What is needed is an exact copy of every entry below, minus the images.
- Opening Delimiter -
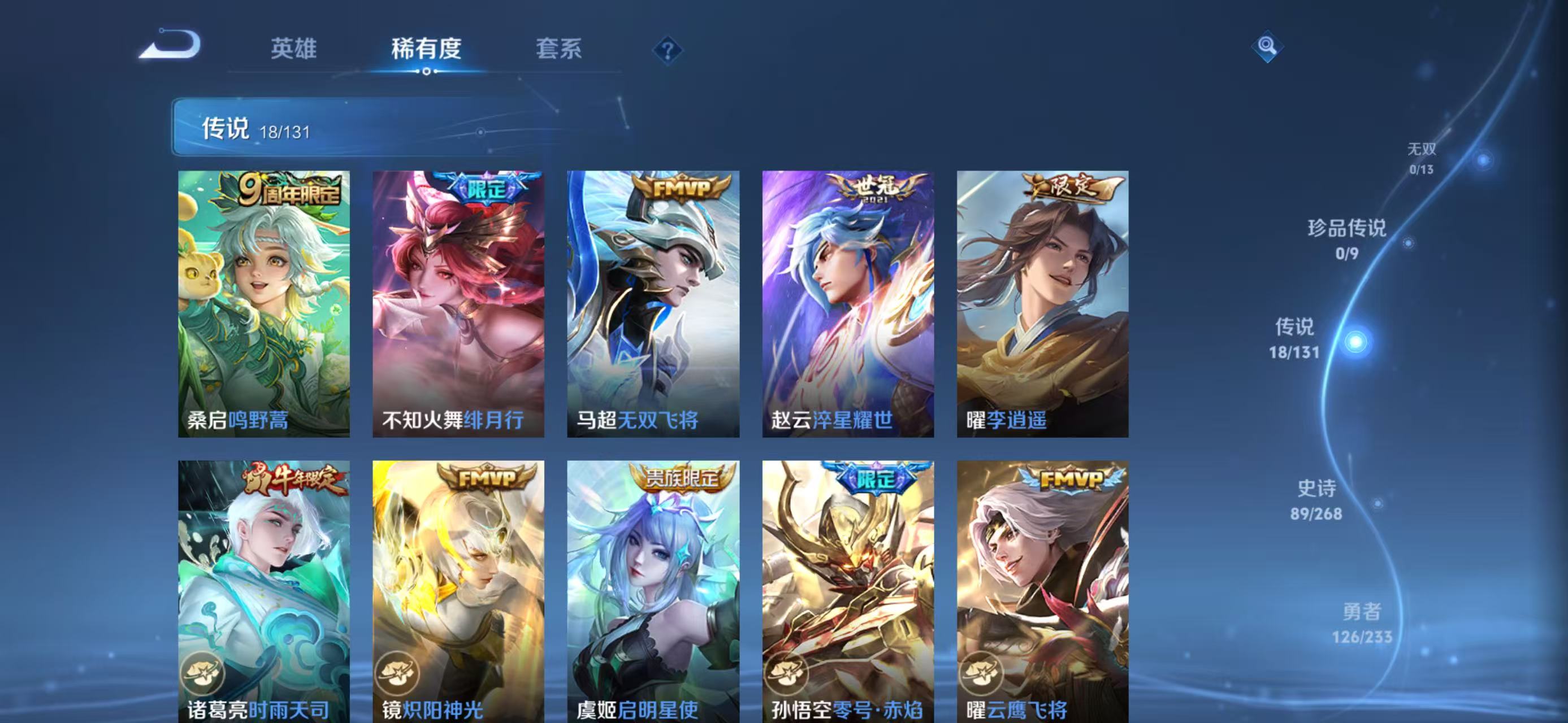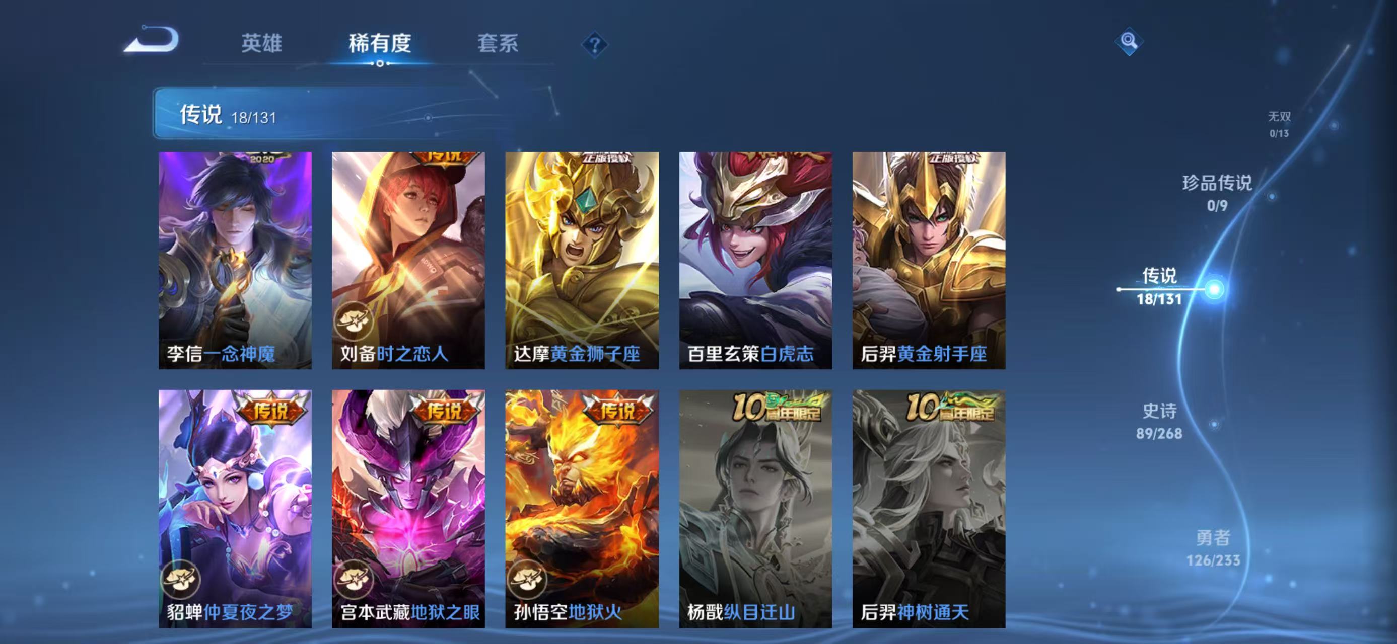 txwz28545 v8 297皮 典藏2( 拾光映像,鸣剑·曳影)传说18(鸣野蒿,时之恋人,绯月行,黄金射手座,无双飞将,启明星使,地狱之眼,李 ,仲夏夜之梦,淬星耀世,时雨天司,黄金狮子座,零号·赤焰,云鹰飞将,白虎志,一念神魔,地狱火,炽阳神光)史诗89(至尊宝)
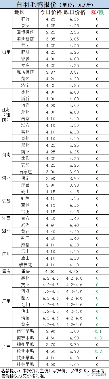 1:今晚北方分割鸭区域报价稳定。鸭病严重,出栏率略有下降。但当前冻品价格仍较压抑,传导至毛鸭端价格支撑仍不足。
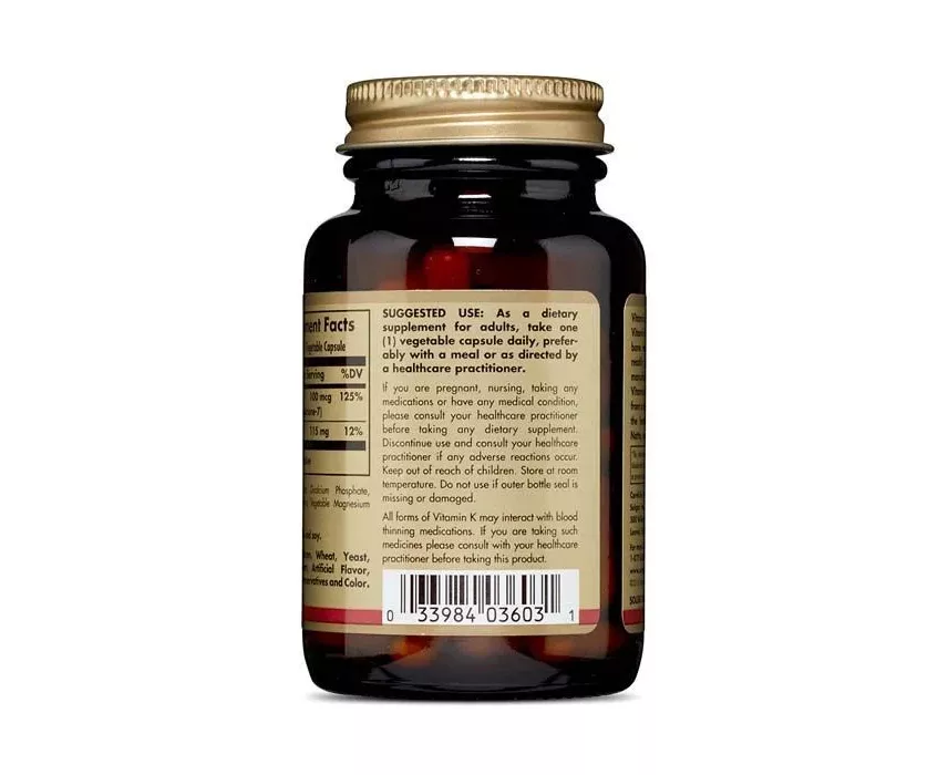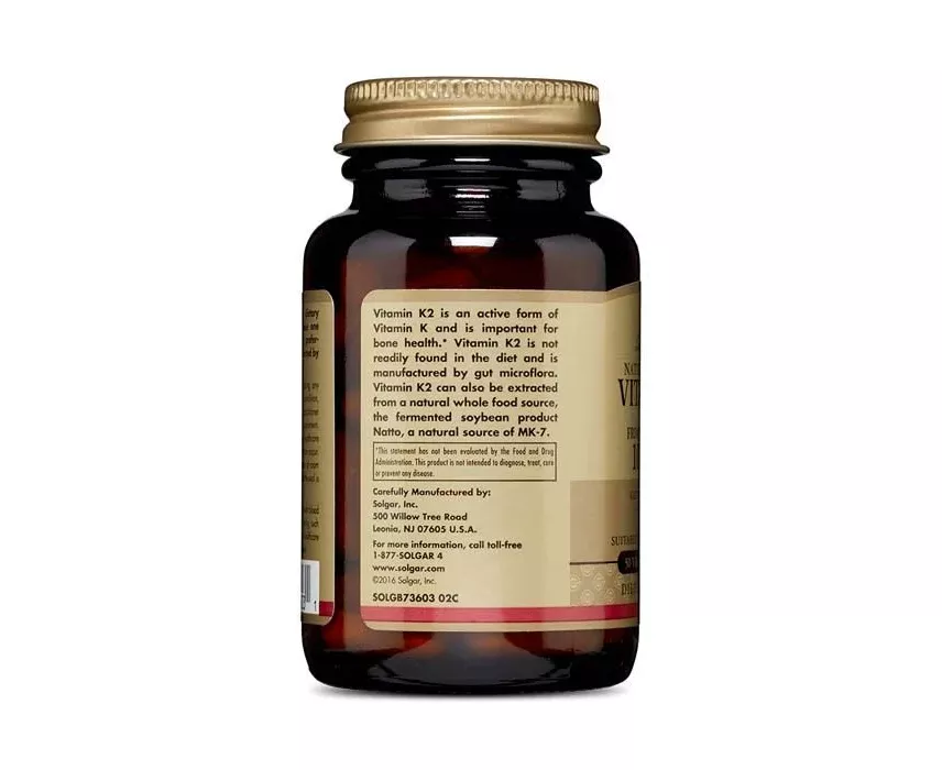 Solgar ® Natural Vitamin K2 (MK-7) 100 µ Vegetable Capsules utilizes the highly bioavailable natural form of Vitamin K, Menaquinone-7. Long known to play an important role in bone building and blood clotting. This unique vitamin K is derived from natto, a traditional Japanese fermented food, known to be rich in vitamin K and with a long history as a superfood
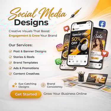 We design engaging and visually consistent social media creatives that help brands stand out online. Our designs are tailored for platforms like Instagram and Facebook, ensuring visual appeal, brand alignment, and higher engagement through attractive layouts and impactful visuals.
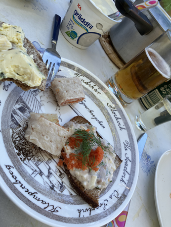 Gubbröra på bröd och rulllar med rökt lax gjorda av Slottsfrun.
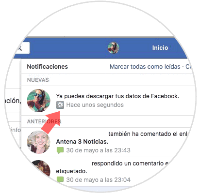 Lo siguiente que debemos hacer es esperar a que se cree el archivo con todos nuestros datos. Una vez finalice el proceso, Facebook nos mandará una notificación.
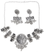 - Classic look Silver Oxidised Necklace set with Jhumka earrings for women to wear,
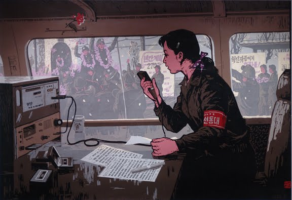 Also, if you want to know more about the way art is produced in North Korea--ie. in state-run factory/studios of up to 1,000 artists--check out Adrian Dannatt's 2009 article from the Art Newspaper or go to the UTAC symposium on Thursday... it features Jane Portal, who's currently based in Boston but who basically built the Korean art collection at the British Museum and who's also authored a key text on North Korean art, "Art Under Control."
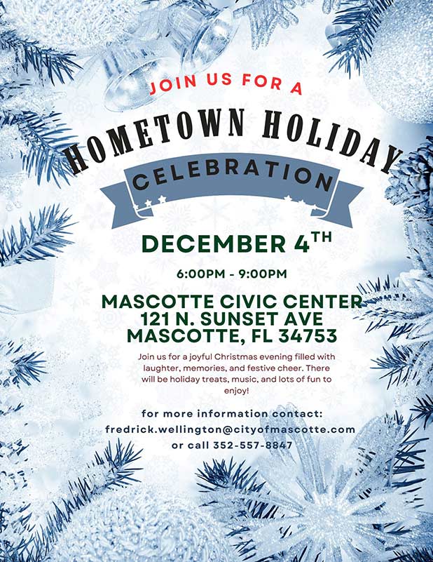 The holiday season will officially begin in Mascotte as the community gathers for the Tree Lighting and Hometown Holiday Celebration on Thursday, December 4, at the Mascotte Civic Center located at 121 N. Sunset Ave., Mascotte.
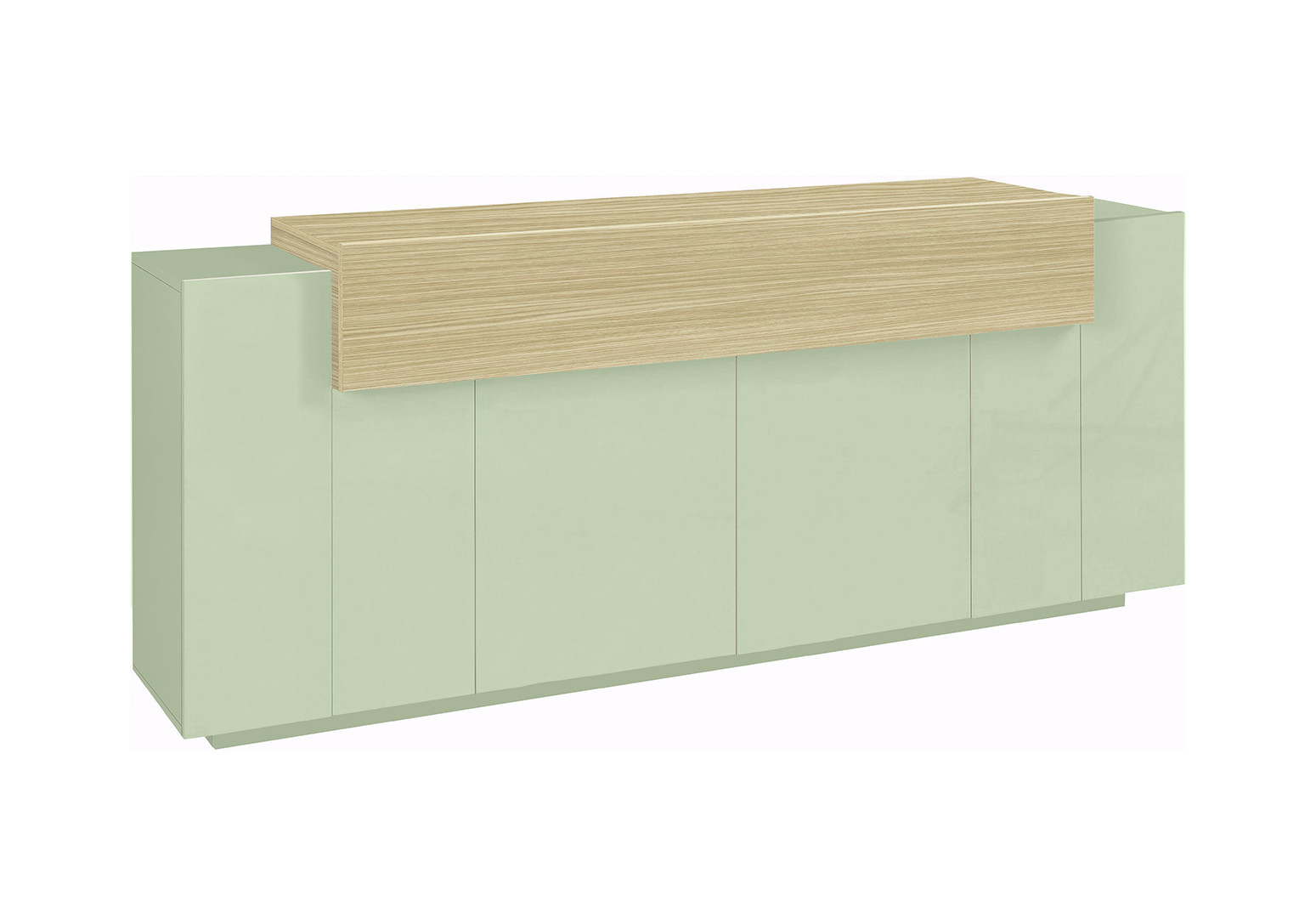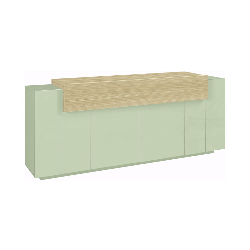 Ce modèle se distingue également par sa capacité à se fondre dans différents types d'intérieurs tout en conservant une allure sophistiquée. Que vous l’utilisiez comme enfilade dans une grande pièce de vie ou comme rangement complémentaire dans une cuisine ou un bureau, il saura répondre à vos besoins avec style. Le contraste entre le vert sauge et le chêne crée une ambiance chaleureuse et tendance, renforçant le caractère moderne du mobilier.
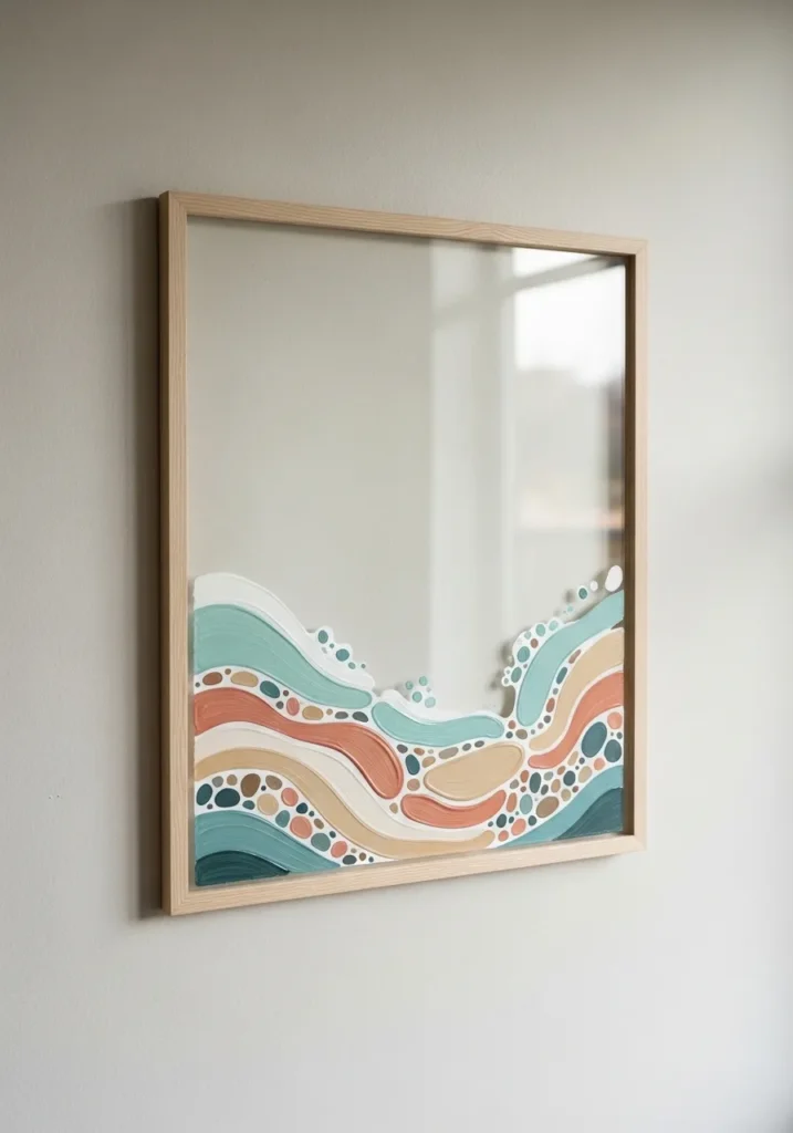 This minimalist glass painting showcases a series of sweeping organic curves and playful dots along the bottom of a wooden frame. The color palette is a sophisticated mix of muted teal, terracotta, sandy beige, and crisp white. Thick layers of paint give the waves a lovely 3D texture that stands out against the empty, clear glass above. It looks like a modern take on a coastal landscape with a clean and airy feel.
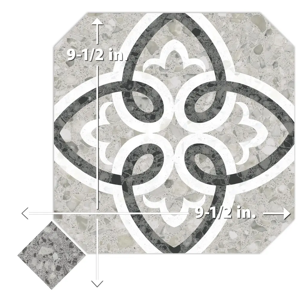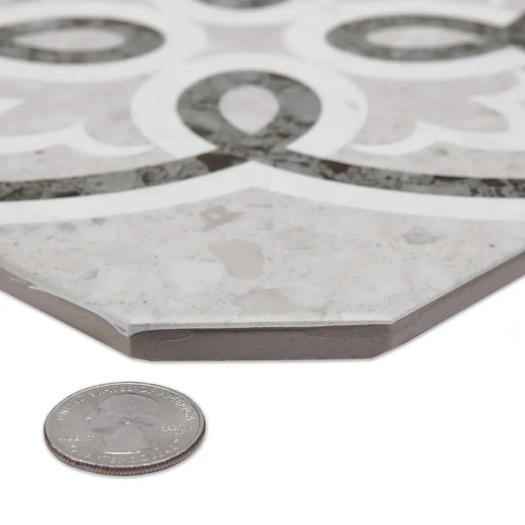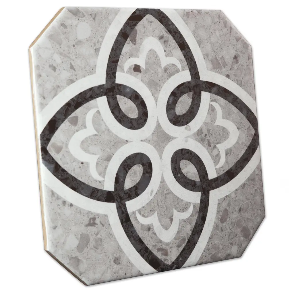 Replicating a terrazzo look, our Riviera Octagon Garde Gris with Taco Nero Porcelain Floor and Wall Tile features a slightly textured, matte finish, providing decorative appeal that adapts to a variety of stylistic contexts. Containing 30 different print variations that are randomly distributed throughout each case, this gray specialty tile offers a one-of-a-kind look. With its impervious, frost-resistant features, this tile is an ideal selection for a variety of spaces including indoor and outdoor residential installations, kitchens, bathrooms, backsplashes, showers, hallways, pools and fireplace facades. This tile is a perfect choice on its own or with other products in the Merola Tile, Riviera Collection. To ensure optimal results, please consult with your installer and review the product specifications to confirm that this tile meets the specific needs of your project.
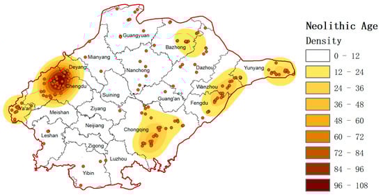 Kernel density of ancient settlements in the Neolithic Period in Sichuan Basin.
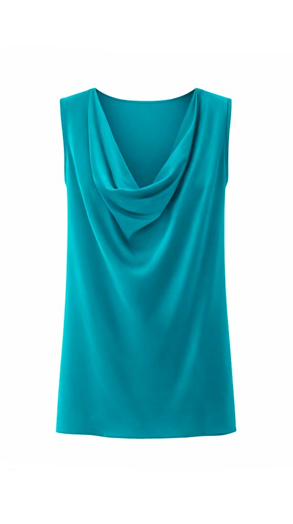 Top en tono turquesa con escote drapeado que aporta movimiento y un aire elegante y muy favorecedor. Su diseño fluido crea una caída suave que estiliza el torso y aporta sofisticación sin esfuerzo.
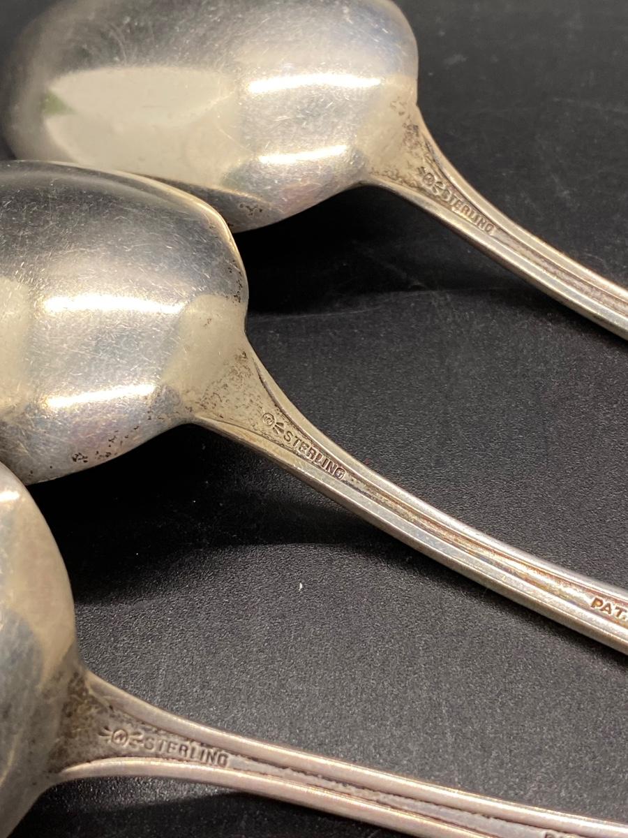 Set of 3 sterling silver serving spoons. Floral handle with a monogrammed W. Marked sterling on the back. About 8" size.
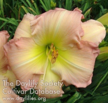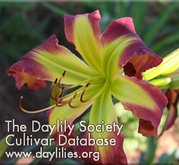 | Description : Butter yellow with light pink stippling above green throat. | |
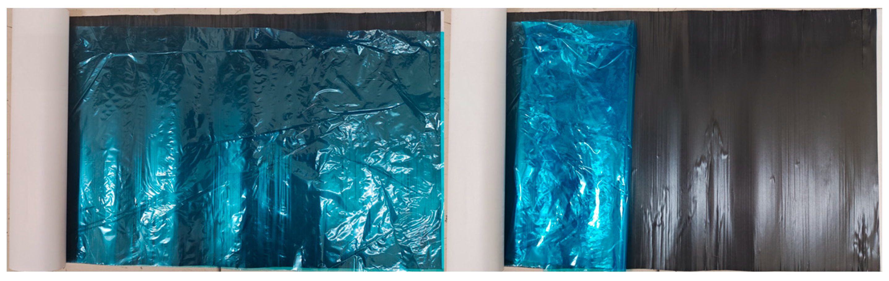 - Smoke Density Testing: In accordance with ISO 5659-2 [15], a single-chamber smoke density test was performed on the composite material to determine the specific optical density of smoke (abbreviated as smoke density). This test was performed to assess compliance with the smoke toxicity requirements of the International Maritime Organization’s FTP Code.
- Closing Delimiter -
**WORKED SOLUTION**
 txwz28545 v8 297皮 典藏2( 拾光映像,鸣剑·曳影)传说18(鸣野蒿,时之恋人,绯月行,黄金射手座,无双飞将,启明星使,地狱之眼,李 ,仲夏夜之梦,淬星耀世,时雨天司,黄金狮子座,零号·赤焰,云鹰飞将,白虎志,一念神魔,地狱火,炽阳神光)史诗89(至尊宝)
 1:今晚北方分割鸭区域报价稳定。鸭病严重,出栏率略有下降。但当前冻品价格仍较压抑,传导至毛鸭端价格支撑仍不足。
 Solgar ® Natural Vitamin K2 (MK-7) 100 µ Vegetable Capsules utilizes the highly bioavailable natural form of Vitamin K, Menaquinone-7. Long known to play an important role in bone building and blood clotting. This unique vitamin K is derived from natto, a traditional Japanese fermented food, known to be rich in vitamin K and with a long history as a superfood
 We design engaging and visually consistent social media creatives that help brands stand out online. Our designs are tailored for platforms like Instagram and Facebook, ensuring visual appeal, brand alignment, and higher engagement through attractive layouts and impactful visuals.
 Gubbröra på bröd och rulllar med rökt lax gjorda av Slottsfrun.
 Lo siguiente que debemos hacer es esperar a que se cree el archivo con todos nuestros datos. Una vez finalice el proceso, Facebook nos mandará una notificación.
 - Classic look Silver Oxidised Necklace set with Jhumka earrings for women to wear,
 Also, if you want to know more about the way art is produced in North Korea--ie. in state-run factory/studios of up to 1,000 artists--check out Adrian Dannatt's 2009 article from the Art Newspaper or go to the UTAC symposium on Thursday... it features Jane Portal, who's currently based in Boston but who basically built the Korean art collection at the British Museum and who's also authored a key text on North Korean art, "Art Under Control."
 The holiday season will officially begin in Mascotte as the community gathers for the Tree Lighting and Hometown Holiday Celebration on Thursday, December 4, at the Mascotte Civic Center located at 121 N. Sunset Ave., Mascotte.
 Ce modèle se distingue également par sa capacité à se fondre dans différents types d'intérieurs tout en conservant une allure sophistiquée. Que vous l’utilisiez comme enfilade dans une grande pièce de vie ou comme rangement complémentaire dans une cuisine ou un bureau, il saura répondre à vos besoins avec style. Le contraste entre le vert sauge et le chêne crée une ambiance chaleureuse et tendance, renforçant le caractère moderne du mobilier.
 This minimalist glass painting showcases a series of sweeping organic curves and playful dots along the bottom of a wooden frame. The color palette is a sophisticated mix of muted teal, terracotta, sandy beige, and crisp white. Thick layers of paint give the waves a lovely 3D texture that stands out against the empty, clear glass above. It looks like a modern take on a coastal landscape with a clean and airy feel.
 Replicating a terrazzo look, our Riviera Octagon Garde Gris with Taco Nero Porcelain Floor and Wall Tile features a slightly textured, matte finish, providing decorative appeal that adapts to a variety of stylistic contexts. Containing 30 different print variations that are randomly distributed throughout each case, this gray specialty tile offers a one-of-a-kind look. With its impervious, frost-resistant features, this tile is an ideal selection for a variety of spaces including indoor and outdoor residential installations, kitchens, bathrooms, backsplashes, showers, hallways, pools and fireplace facades. This tile is a perfect choice on its own or with other products in the Merola Tile, Riviera Collection. To ensure optimal results, please consult with your installer and review the product specifications to confirm that this tile meets the specific needs of your project.
 Kernel density of ancient settlements in the Neolithic Period in Sichuan Basin.
 Top en tono turquesa con escote drapeado que aporta movimiento y un aire elegante y muy favorecedor. Su diseño fluido crea una caída suave que estiliza el torso y aporta sofisticación sin esfuerzo.
 Set of 3 sterling silver serving spoons. Floral handle with a monogrammed W. Marked sterling on the back. About 8" size.
 | Description : Butter yellow with light pink stippling above green throat. | |
 - Smoke Density Testing: In accordance with ISO 5659-2 [15], a single-chamber smoke density test was performed on the composite material to determine the specific optical density of smoke (abbreviated as smoke density). This test was performed to assess compliance with the smoke toxicity requirements of the International Maritime Organization’s FTP Code.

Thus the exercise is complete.